I'm looking at New Mexico, Nevada , Wyoming , and Colorado.


----------



## Fez (Sep 3, 2009)

#1DEER 1-I said:


> I'm looking at New Mexico, Nevada , Wyoming , and Colorado.


new mexico looks at all 3 choices so be sure to list 3, no bonus points so you have just as good chance as a guy that has been applying for 20 years

nevada, ive never dealt with

Wyoming is like kinda like utah, where 75% of tags go to highest point holders then the rest are random so there is almost always at least a chance

Colorado, those who have the most points win, plain and simple


----------



## Critter (Mar 20, 2010)

Colorado does go by points but there is a lot of the state open to OTC elk tags that don't require any points. And for deer there are a lot of good units that you can draw a tag with 0 points. Now if you are a stick thrower then it opens up a whole lot of options for both deer and elk.


----------



## RandomElk16 (Sep 17, 2013)

Critter said:


> Colorado does go by points but there is a lot of the state open to OTC elk tags that don't require any points. And for deer there are a lot of good units that you can draw a tag with 0 points. Now if you are a stick thrower then it opens up a whole lot of options for both deer and elk.

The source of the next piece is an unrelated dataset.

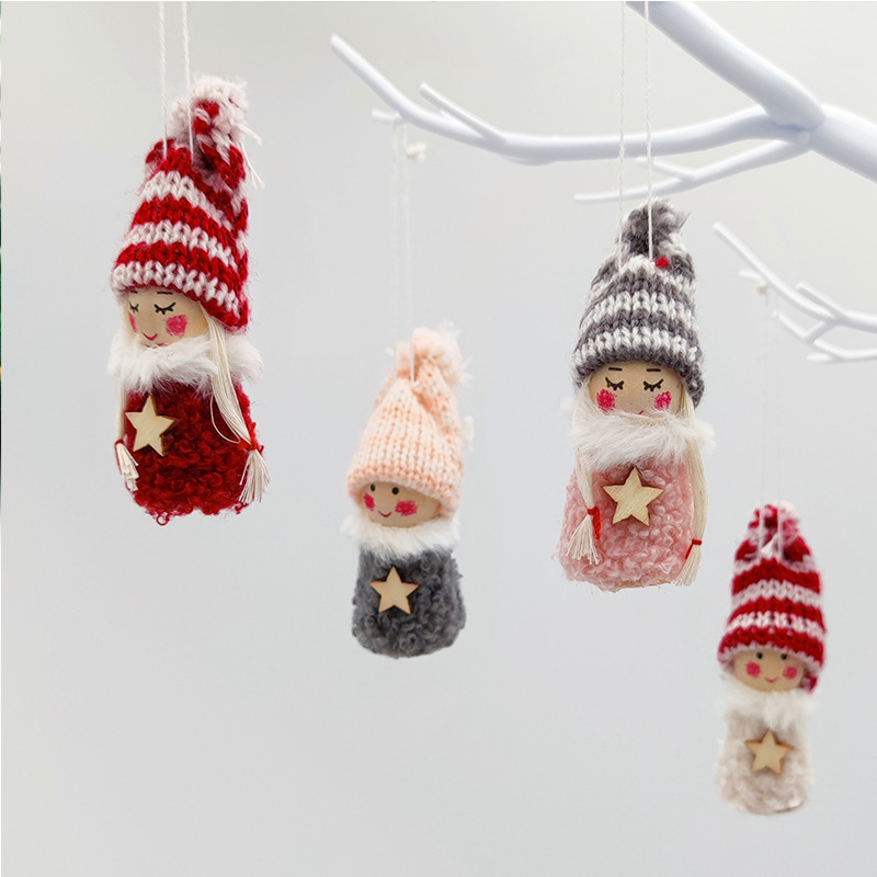 跨境新款圣诞装饰品针织天使男孩女孩挂件毛线娃娃圣诞树壁橱装饰

I am familiar woth colo.. To add to what others have said there are a lot of OTC units there and you can get an either sex tag. However, they just upped the price $200 this year so be ready to pay!!


----------



## BruinPoint (Mar 22, 2010)

RandomElk16 said:


> I am familiar woth colo.. To add to what others have said there are a lot of OTC units there and you can get an either sex tag. However, they just upped the price $200 this year so be ready to pay!!


Colorado NR elk tag prices are adjusted to the Consumer Price Index by law so they fluctuate frequently. Here's the documentation from the November Commission Meeting where the prices were set. Elk will be $616, which is $14 more than last year. Statutory Maximum would have been $618. Not sure where you got $200 but that's not the case.

http://cpw.state.co.us/Documents/Commission/2014/Nov/ITEM25-7-ChW-2-W-15CPI-CONSENT.pdf


----------